Os Carmelitas e o Concílio de Trento
O Concílio de
Trento (1545-63)[i] foi uma tentativa de estabilizar e de
regulamentar a vida dos fiéis depois dos efeitos devastadores da Reforma
Protestante. Tendo isto em mente, todos os textos litúrgicos questionáveis, até
mesmo as festas, foram eliminados do calendário. Desse modo, a festa das Três
Marias foi proibida aos carmelitas. Todas as festas, com seus textos
litúrgicos, tiveram que receber aprovação individual da Santa Sé, antes de
serem incluídas no ritual de uma Ordem religiosa ou de uma diocese.[ii] De forma semelhante, a música tinha que se
ajustar às normas estabelecidas pela Santa Sé.
Na época do
Concílio de Trento, a Ordem Carmelita estava bem estabelecida e contava com um
número de santos próprios em suas fileiras. Na reformulação da liturgia
carmelitana, a herança que receberam da Terra Santa tornou-se cada vez mais
remota, mas o ritual revisado permitiu que eles celebrassem liturgicamente seus
confrades que alcançaram a santidade.
Novas festas carmelitanas
Eliseu e Elias
Por causa do
relacionamento próximo entre Elias e Eliseu, as duas festas são consideradas
como uma só. O relacionamento dos carmelitas com estas duas figuras
proeminentes do Antigo Testamento já estava bem estabelecida espiritualmente,
muito antes de ser celebrada liturgicamente. Uma afirmação, um tanto comovente,
das Constituições do Capítulo de Londres de 1281, demonstra a importância de
Elias e de Eliseu dentro da auto-compreensão carmelitana. Apresentamos a seguir
uma tradução de Joachim Smet daquelas Constituições:
Foram estes mesmos sucessores que Alberto, o
patriarca de Jerusalém no tempo de Inocêncio III, uniu numa comunidade,
escrevendo uma regra para eles que o papa Honório, o sucessor do mesmo
Inocêncio, e muitos de seus sucessores, aprovando esta ordem, confirmaram-na
devotamente por seus decretos. Na profissão desta regra, nós, seus seguidores,
servimos o Senhor em várias partes do mundo até hoje.[iii]
Esta afirmação
demonstra que os carmelitas medievais viam a continuidade entre o povo do
Antigo e o do Novo Testamento, os que habitavam à sombra da presença de Elias
no Monte Carmelo, os primeiros eremitas reunidos pelo patriarca Alberto, e eles
mesmos, em várias partes do mundo. O lugar do Monte Carmelo, a imagem do
profeta Elias e a jurisdição de Alberto ajudaram a incutir nos carmelitas, ao
longo dos séculos, a santidade de suas vidas e a importância de seu trabalho
como religiosos. Além da identificação com a tradição de Elias, tanto Santo
Antão quanto São Jerônimo fazem uma associação explícita entre Elias e aqueles
que seguem o modo de vida eremítico.[iv]
Apesar da
importância de Elias e de Eliseu na auto-compreensão carmelitana, sua
celebração litúrgica é um fenômeno posterior. Elias é claramente a mais
proeminente das duas figuras, apresentado como um modelo potencial. O fato de
Elias ter ido para o céu sem morrer, significava que como ele não tinha um dies natalis, ou data de morte, ele não
poderia ser venerado como um santo.[v] Assim, o carmelita John Bale escreveu um
ofício para a Assunção de Elias.[vi] Este é certamente um ofício único, de um
indivíduo empreendedor, em vez de uma festa carmelitana medieval padronizada.
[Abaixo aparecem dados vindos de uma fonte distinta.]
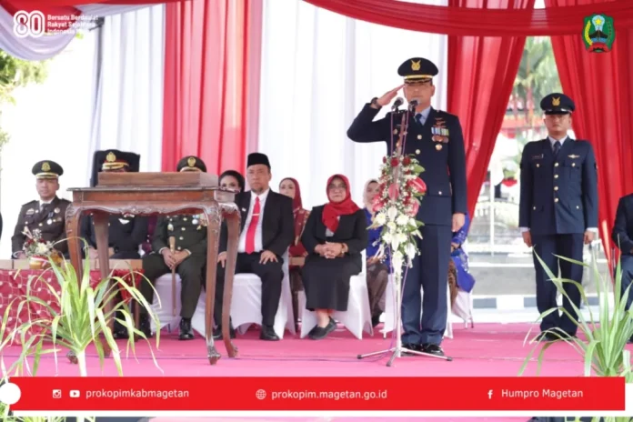 Suasana khidmat menyelimuti Alun-alun Magetan pada Minggu sore ini, saat Pemerintah Kabupaten Magetan menggelar Upacara Penurunan Bendera Merah Putih dalam rangka peringatan Hari Ulang Tahun ke-80 Kemerdekaan Republik Indonesia.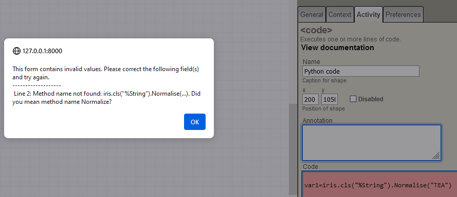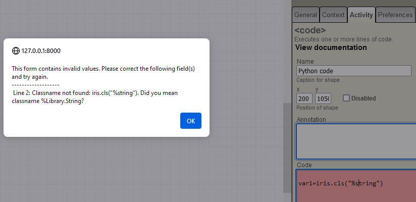 status.value=iris.cls('%SYSTEM.Status').Error(5001,"My custom error message")Note que o pacote "iris" está disponível em códigos ou expressões Python sem importação explícita. Isso é fornecido automaticamente pelo tratamento do BPL de integração. I.e.: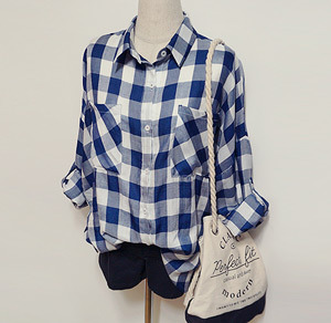 깅엄/체크/무늬/블라우스/셔츠/큰체크/파란색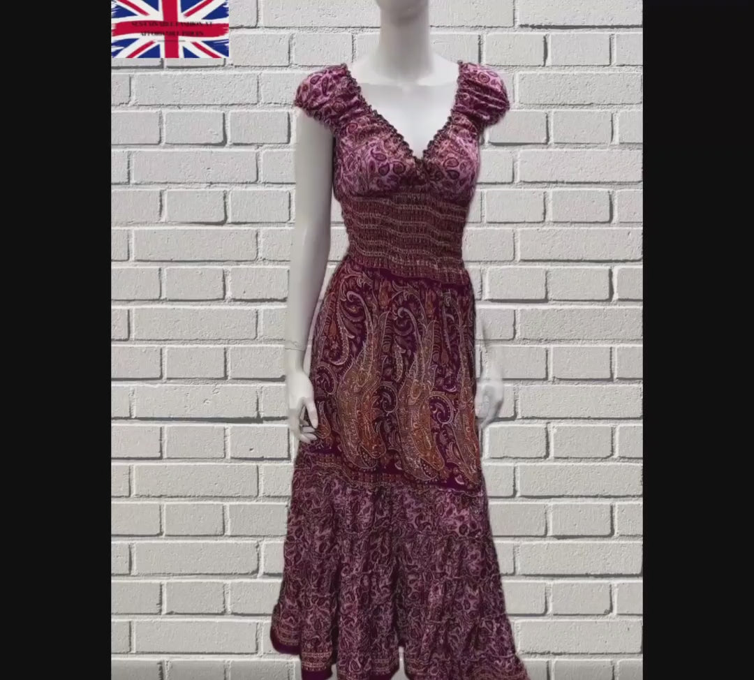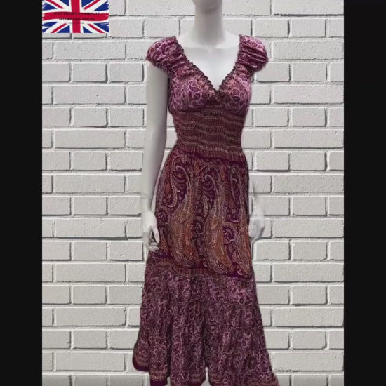 Recycled V Neck Retro Ruffle Hem Maxi Dress Free Size Up To 18 P108

Posteriormente a festa foi aceita, apesar da ausência de uma data de morte ou dies natalis. A evidência mais antiga da
festa de Elias é a Missa votiva dos missais do século XVI (1551 e 1574),
contemporânea do Concílio de Trento.[vii] Embora a veneração de Eliseu não tenha
envolvido os mesmos problemas, seu ofício e missa também são um fenômeno
medieval tardio ou mesmo pós-tridentino.
De qualquer modo, não temos nenhum indício substancial da veneração, tanto de
Elias quanto de Eliseu, que tenha sobrevivido do período anterior ao Concílio
de Trento.
A mais antiga
evidência Tridentina da festa de Santo Elias é encontrada num suplemento
carmelitano Florentino, com a antífona compilada por Fr. Archangelus Paulius,
prior de Carmine, no ano de 1627,[viii] assim como em antigos manuscritos do século
XVIII de São Martino ai Monti e de Santa Maria em Transpontina. Também nos
manuscritos mais recentes que estão guardados no Colégio Sant’Alberto em Roma.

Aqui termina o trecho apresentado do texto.